Line by line, set down the records below from the first line through the line containing "甘肅平?jīng)?米景觀燈". Omit the pictures.

[[ Data supplied open ]]

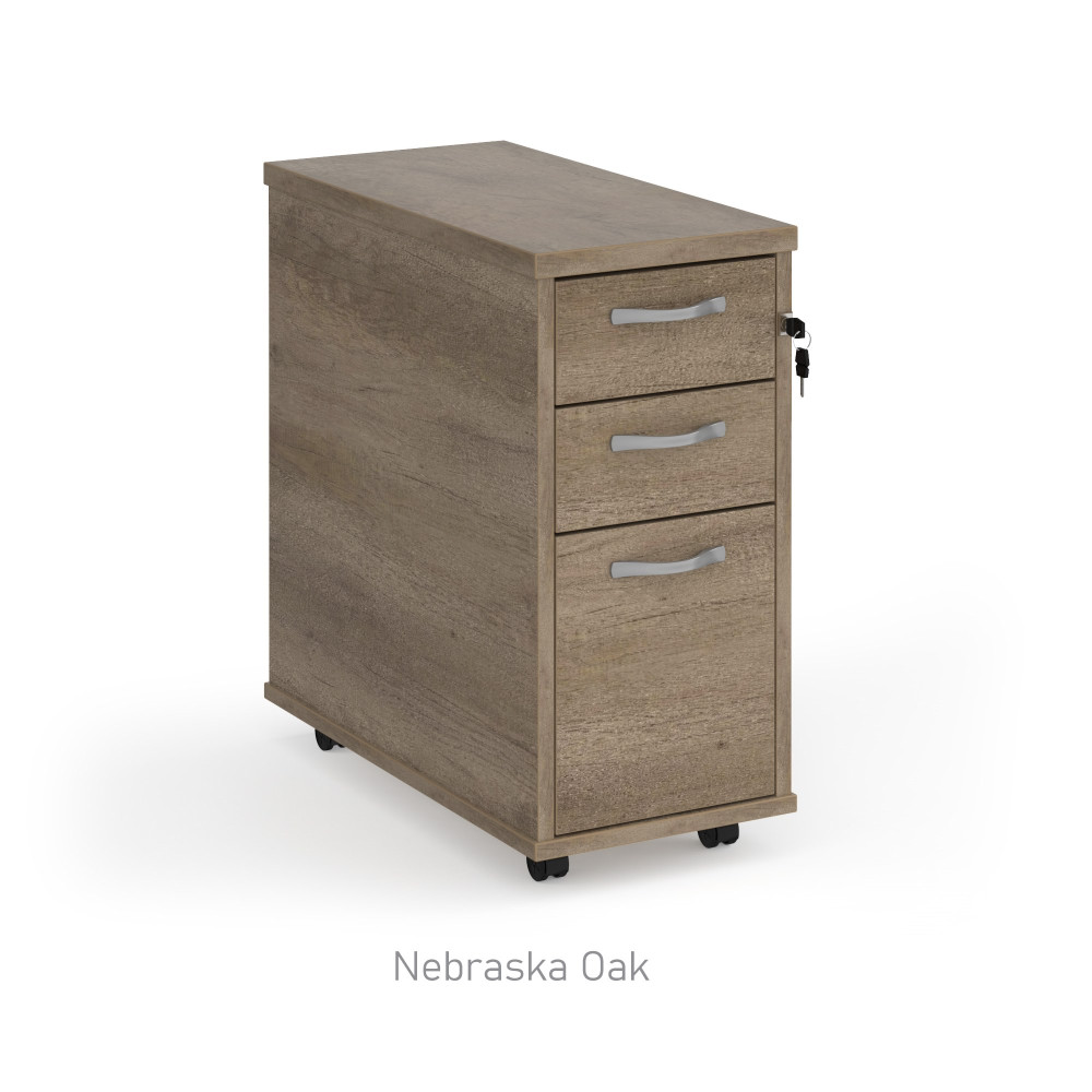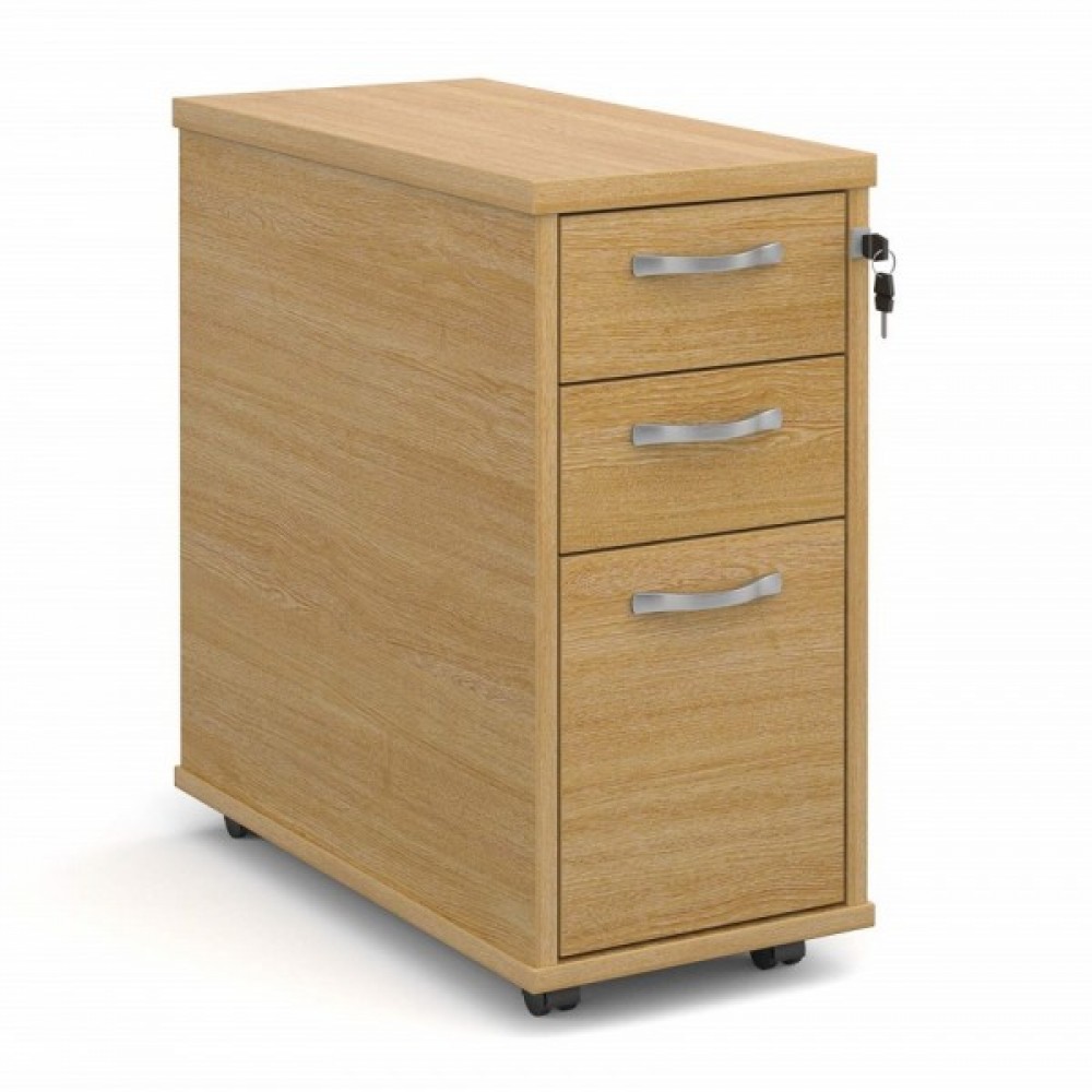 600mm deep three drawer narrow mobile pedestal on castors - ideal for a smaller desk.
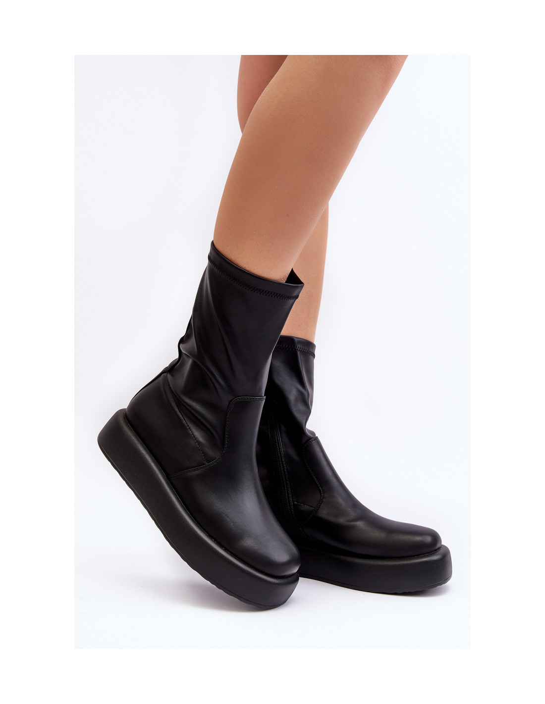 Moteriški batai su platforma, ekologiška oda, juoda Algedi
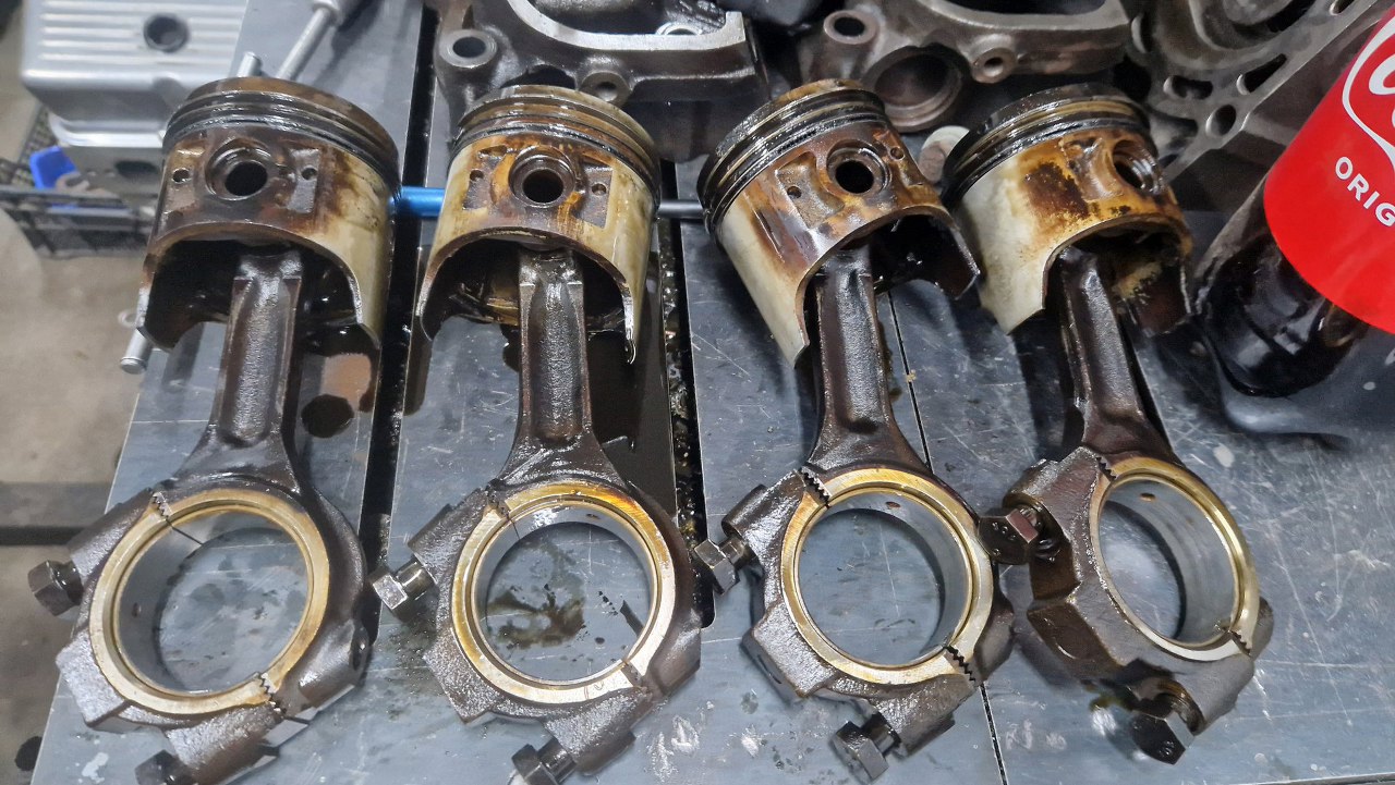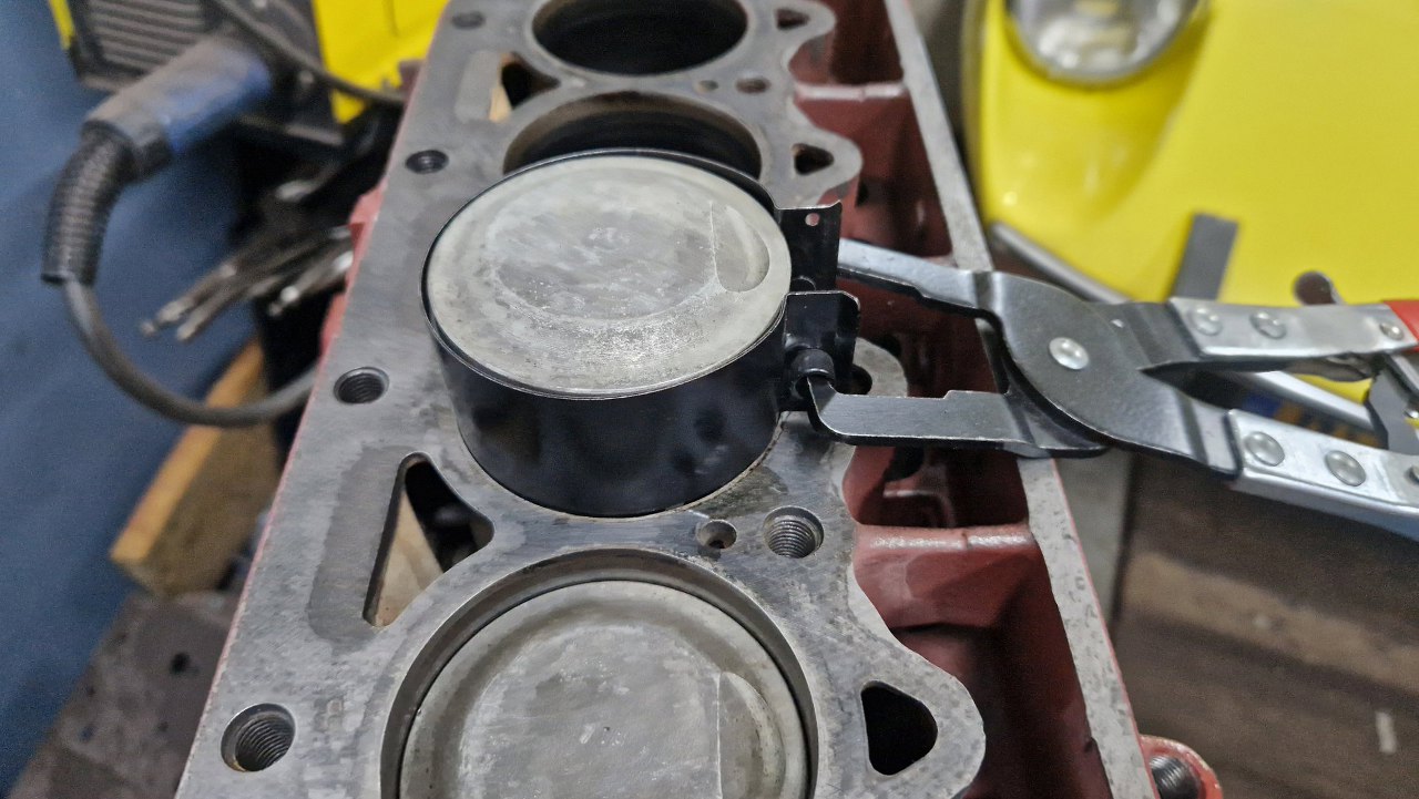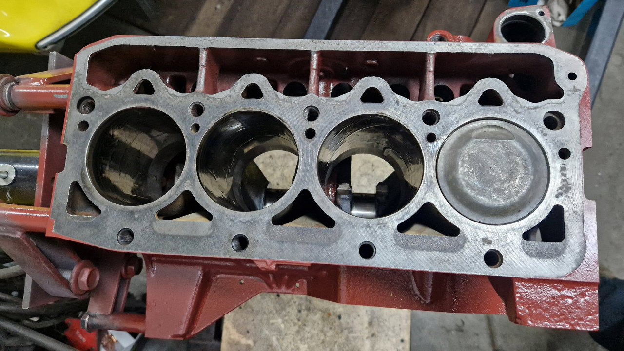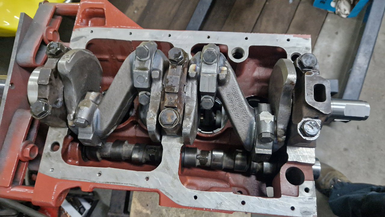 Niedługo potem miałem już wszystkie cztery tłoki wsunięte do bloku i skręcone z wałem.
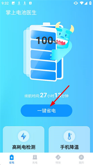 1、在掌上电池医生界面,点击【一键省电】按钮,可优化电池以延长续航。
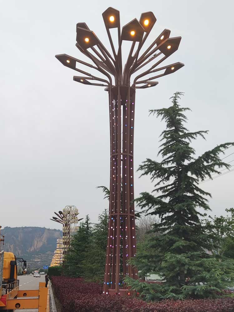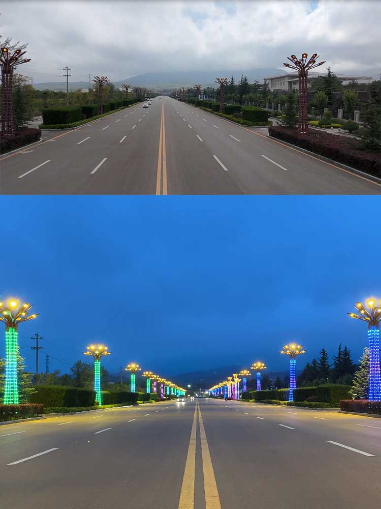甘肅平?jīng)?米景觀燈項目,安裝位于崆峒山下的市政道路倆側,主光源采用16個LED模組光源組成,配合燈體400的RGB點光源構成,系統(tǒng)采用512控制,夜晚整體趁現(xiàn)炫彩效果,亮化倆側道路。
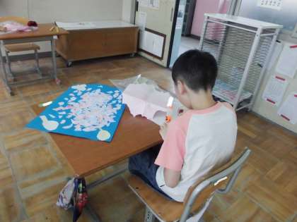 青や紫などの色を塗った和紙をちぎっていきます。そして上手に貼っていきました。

[[ Data supplied closed ]]

### Task result
 600mm deep three drawer narrow mobile pedestal on castors - ideal for a smaller desk.
 Moteriški batai su platforma, ekologiška oda, juoda Algedi
 Niedługo potem miałem już wszystkie cztery tłoki wsunięte do bloku i skręcone z wałem.
 1、在掌上电池医生界面,点击【一键省电】按钮,可优化电池以延长续航。
甘肅平?jīng)?米景觀燈項目,安裝位于崆峒山下的市政道路倆側,主光源采用16個LED模組光源組成,配合燈體400的RGB點光源構成,系統(tǒng)采用512控制,夜晚整體趁現(xiàn)炫彩效果,亮化倆側道路。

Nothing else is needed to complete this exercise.